Beef demand on the rise nationally

USA Today (Society for the Advancement of Education), April, 1993

Americans will be eating more beef during the next few years, the National Cattlemen's Association (NCA) predicts. It says beef production will increase by more than one percent in 1993 and that average per capita consumption is expected to rise slightly from the 1992 level of 66.5 pounds.

Increases in beef exports and the U.S. population will keep growth in per capita supplies slow, notes Chuck Lambert, NCA director of economics. However, the amount of beef and other meats will be large enough to prevent wholesale and retail prices from increasing very much, if at all. The retail beef price average is expected to be about the same as the 1992 average of $2.58 per pound, for all grades of beef.

On a retail weight basis, average per captia beef consumption currently is about the same as chicken consumption. On a boneless, edible weight basis, however, beef remains well ahead of chicken and will continue as the leading meat well into the foreseeable future, maintains Tom Brink, director of market research for Cattle-Fax, a market information service associated with NCA. In 1993, he forecasts, beef consumption likely will exceed that of chicken and turkey combined.

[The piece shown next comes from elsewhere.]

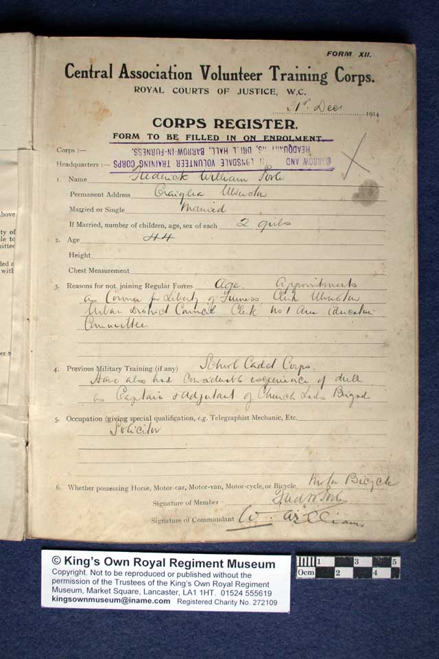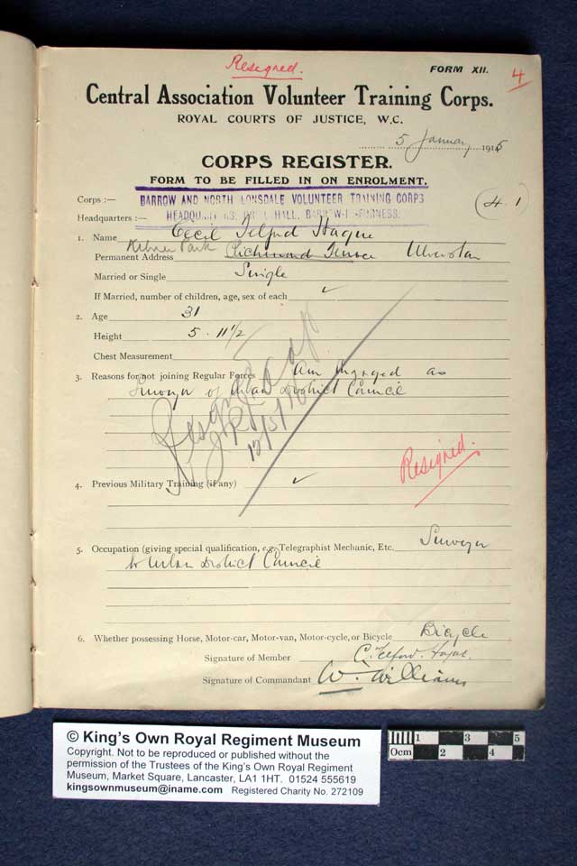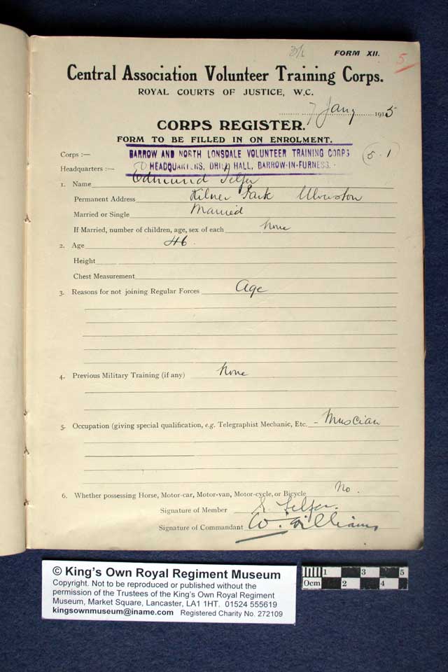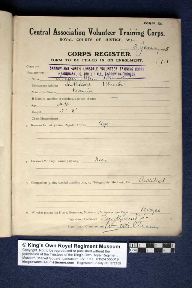 Collections - First World War - Volunteer Battalions Register of members of the Barrow and North Lonsdale Volunteer Training Corps Pages 1 to 5

Cattle-Fax has made the following estimates of average per capita consumption--boneless, uncooked weight--for 1993: beef, 63.2 pounds; pork, 50.2; veal, 0.8; lamb, 1.1; total red meat, 115.3; chicken, 46.4; turkey, 14.9; total poultry, 61.3; total red meat and poultry, 176.6. "It's clear that beef is still the leading meat in the U.S.," Brink indicates. "When you consider consumer expenditures for the different types of meat, beef's lead is even more apparent. Americans on average spend about $195 for beef, on a retail price basis, in a year. That is more than the amount spent on either poultry or pork. This same trend is expected to continue."